PHUKET: According to classics professor Noel Lenski of the University of Boulder Colorado, the lovers’ holiday traces its roots to a raucous annual Roman festival where men stripped naked, used goat – or dog-skin – whips, and spanked young maidens in the hopes of increasing their fertility.
The annual pagan celebration, called Lupercalia
, was held every year on February 15 and remained wildly popular well into the fifth century AD – at least 150 years after emperor Constantine declared Christianity the official religion of the Roman Empire.
"It [was] clearly very popular, even in an environment where the [ancient] Christians were trying to close it down," Lenski said. "So there’s reason to think that the Christians might instead have said, ‘OK, we’ll just call this a Christian festival’."

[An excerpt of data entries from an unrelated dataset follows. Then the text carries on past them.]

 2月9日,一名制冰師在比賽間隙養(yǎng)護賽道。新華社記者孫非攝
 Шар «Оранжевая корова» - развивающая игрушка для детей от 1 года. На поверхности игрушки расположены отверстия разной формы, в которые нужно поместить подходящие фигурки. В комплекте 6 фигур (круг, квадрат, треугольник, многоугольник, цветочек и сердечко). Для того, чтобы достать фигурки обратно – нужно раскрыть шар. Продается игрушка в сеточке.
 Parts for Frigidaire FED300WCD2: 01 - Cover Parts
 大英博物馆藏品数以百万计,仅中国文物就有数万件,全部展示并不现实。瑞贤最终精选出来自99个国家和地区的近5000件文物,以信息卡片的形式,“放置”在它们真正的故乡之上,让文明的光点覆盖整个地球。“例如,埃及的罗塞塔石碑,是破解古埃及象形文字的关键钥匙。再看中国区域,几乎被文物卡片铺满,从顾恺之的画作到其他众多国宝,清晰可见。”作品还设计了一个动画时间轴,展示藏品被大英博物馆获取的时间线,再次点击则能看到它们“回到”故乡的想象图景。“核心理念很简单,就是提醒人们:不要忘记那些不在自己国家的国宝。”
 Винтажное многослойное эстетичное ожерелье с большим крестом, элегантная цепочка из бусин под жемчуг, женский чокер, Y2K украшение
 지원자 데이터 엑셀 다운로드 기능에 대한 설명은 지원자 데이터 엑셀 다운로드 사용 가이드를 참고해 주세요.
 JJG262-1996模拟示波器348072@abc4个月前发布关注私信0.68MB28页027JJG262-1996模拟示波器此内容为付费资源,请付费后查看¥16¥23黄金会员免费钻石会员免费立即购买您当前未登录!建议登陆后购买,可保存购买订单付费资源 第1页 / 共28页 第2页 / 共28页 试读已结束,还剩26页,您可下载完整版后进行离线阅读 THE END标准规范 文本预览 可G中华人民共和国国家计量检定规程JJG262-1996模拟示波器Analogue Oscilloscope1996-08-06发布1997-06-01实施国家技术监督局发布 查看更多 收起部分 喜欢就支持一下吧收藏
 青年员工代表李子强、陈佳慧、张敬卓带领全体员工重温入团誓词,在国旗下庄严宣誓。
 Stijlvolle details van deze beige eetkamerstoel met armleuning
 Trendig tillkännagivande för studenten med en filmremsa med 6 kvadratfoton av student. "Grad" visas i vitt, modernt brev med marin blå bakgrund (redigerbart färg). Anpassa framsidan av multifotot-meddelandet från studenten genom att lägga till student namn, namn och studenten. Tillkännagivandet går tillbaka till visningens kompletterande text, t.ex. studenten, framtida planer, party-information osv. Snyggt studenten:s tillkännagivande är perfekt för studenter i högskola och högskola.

The church attributed the festival to the legend of St Valentine. Two men with the name Valentine – born generations apart – were executed around the date of February 14.
According to legend, around 197 AD, Roman Emperor Claudius II, seeking to bolster his army, forbade young men to marry. The first Valentine, it is said, despised the ban, performing marriages in secret. He was subsequently executed.
Three hundred years after the death of Jesus Christ, in the year AD 289, Roman emperors continued to demand that everyone believe in the old gods. Valentine, a Christian priest, had been thrown in prison for his teachings. On February 14, the second Valentine was beheaded, not only because he was a Christian, but also because he had allegedly performed a miracle. He is said to have cured the jailer’s daughter of blindness. The night before he was executed, he wrote the jailer’s daughter a farewell letter, signing it "From Your Valentine
While it’s not known whether the legend is true, Lenski said, "It may be a convenient explanation for a Christian version of what happened at Lupercalia."In AD 496 Saint Pope Gelasius I declared February 14 "Valentine’s Day" in honor of the Christian martyrs.
The passing of love-notes becomes popular around the 18th Century in England with early examples being made of lace and paper.
In 1797, The Young Man’s Valentine Writer
was published, suggesting appropriate rhymes and messages, and as postal services became much more affordable, the anonymous St Valentine’s Day card became possible.
By the early 19th Century, Valentine’s Day cards had become so popular that factories started to produce them en masse. Following the English tradition, Esther Howland of Worcester, Massachusetts, starts producing cards – using the newly available and much cheaper paper lace – in the United States.
Whatever the odd mixture of origins, St Valentine’s Day is now a day for sweethearts. It is a day when you show your loved one that you care. Send some candy or perhaps roses, the flower of love to your sweetheart. Most people send a card. According to The Telegraph
, an estimated 1 billion St Valentine’s Day cards will be sent worldwide this year, making it the second most card-heavy celebration after Christmas.